It was amidst unprecedented public protests the world over — from Europe to Australia and New Zealand and finally India’s schoolchildren — that the UN Climate Summit held last week pressed world leaders to augment their Paris accord commitments. The urgency to go beyond the Paris accord has been driven home by the experience of the last four years — “the hottest on record, and winter temperatures in the Arctic have risen by three degrees Celsius since 1990”, according to the UN website on the summit. But notably, with the possible exception of India, major emitters have failed to rise to the occasion. India’s emissions curtailment plan, led by its push for renewables and electric vehicles, is in line with reducing world temperature rise to 2 degrees centigrade, whereas China, the US and the European Union (the top three in terms of total emissions) need to do much more to get there. There can be no denying that, in view of the principles of equity and climate justice, the developed world must bear the brunt of reducing “greenhouse gas emissions by 45 per cent over the next decade and to net zero emissions by 2050.” They have ‘developed’ their economic standards by accounting for the bulk of the global stock of carbon emissions in the atmosphere and must cough up the money and the technology, which they possess, for reducing emissions across the world.

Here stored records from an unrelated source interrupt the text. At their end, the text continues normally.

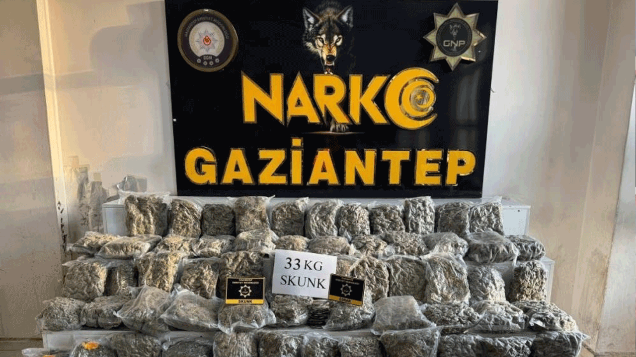 Gaziantep'te İl Emniyet Müdürlüğü Narkotik Suçlarla Mücadele Şube Müdürlüğü ekipleri ve Cumhuriyet Başsavcılığı koordinesinde uyuşturucu operasyonu yapıldı. Operasyon çerçevesinde, belirlenen şüpheli bir tırda arama yapıldı. Hassas burunlu dedektör köpek destekli aramalar sonucunda tırın dorsesine gizlenmiş zula halinde 33 kilo 500 gram skunk ve 450 gram esrar ele geçirildi. Operasyon sonucunda 1 şüpheli şahıs gözaltına alındı.
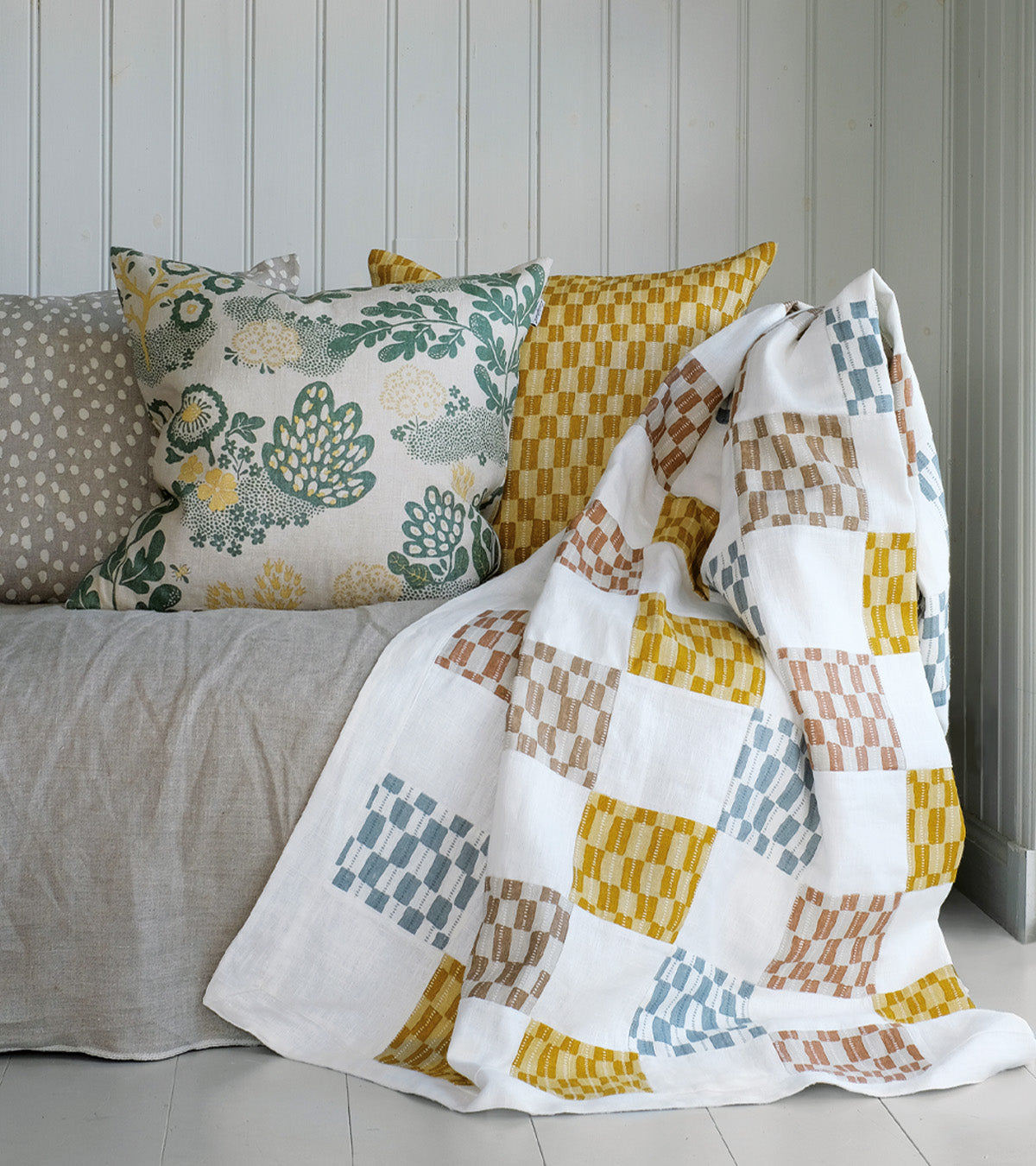 This is a contemporary version of a Swedish Gustavian style check and it is truly useful in an interior. Drawn by hand this design has a structure to it but with a lovely element of imperfect lines. With details of small graphics stitches and quirky lines it becomes soft, crafty and comfortable.
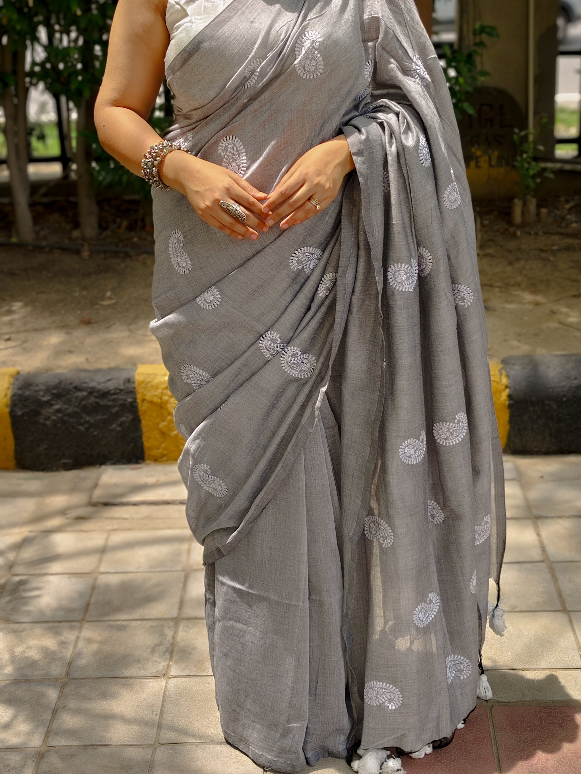 This soft slate grey saree features white ambi embroidery and a matching grey border — understated, versatile, and quietly powerful.
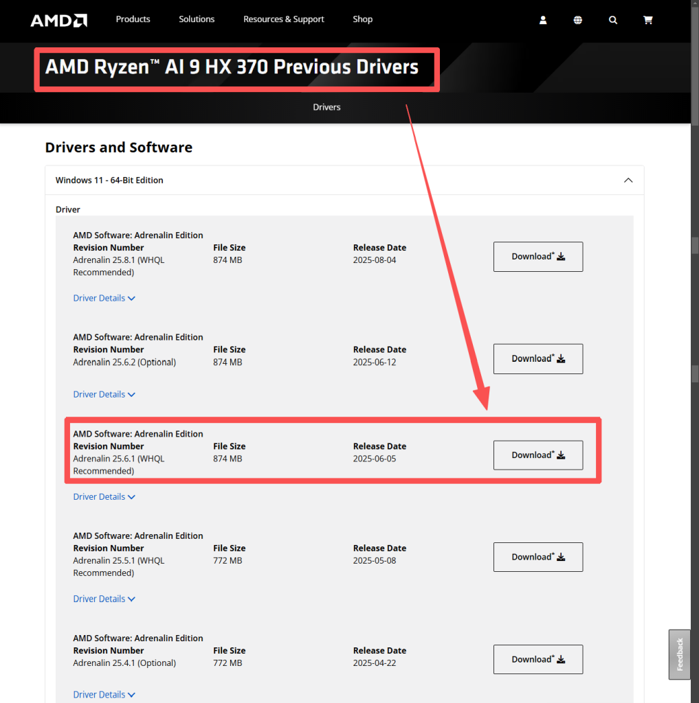 - Go to AMD Official Website to Download the Driver:AMD Software: Adrenalin Edition Revision Number Adrenalin 25.6.1 (WHQL Recommended)

As the world readies for the climate ministerial at Chile in December, the US, the EU and China will be under considerable pressure to offer something extra. The EU grandstanding on this subject — notably led by Germany — has not been matched by action on the ground. Coal remains in favour, more so after the shutdown of nuclear facilities after the Fukushima accident in 2011. The solar wave has stalled in Germany, for a variety of reasons. China’s renewables and EV push has been significant but its reliance on coal continues. As for options, the developed world has been stingy in putting money into the Green Climate Fund. Carbon credit markets have flopped in the absence of a mandatory framework for meeting emission reduction targets, and with it fines for missing them. But a new paradigm may emerge, as young people the world over, with Greta Thunberg lending them a voice, visualise a grim future.

We need renewables, more forests and super efficient appliances and buildings, accompanied by resource sharing mechanisms from the global North to the South. India’s efforts in reducing emissions’ intensity of growth need to be accompanied by steps to enhance its green cover. The International Union for Conservation of Nature points out that one third of carbon dioxide released by burning fossil fuels is absorbed by forests every year. Besides, 12 per cent of global emissions accrues from deforestation and degradation. Action here can be local as well as global.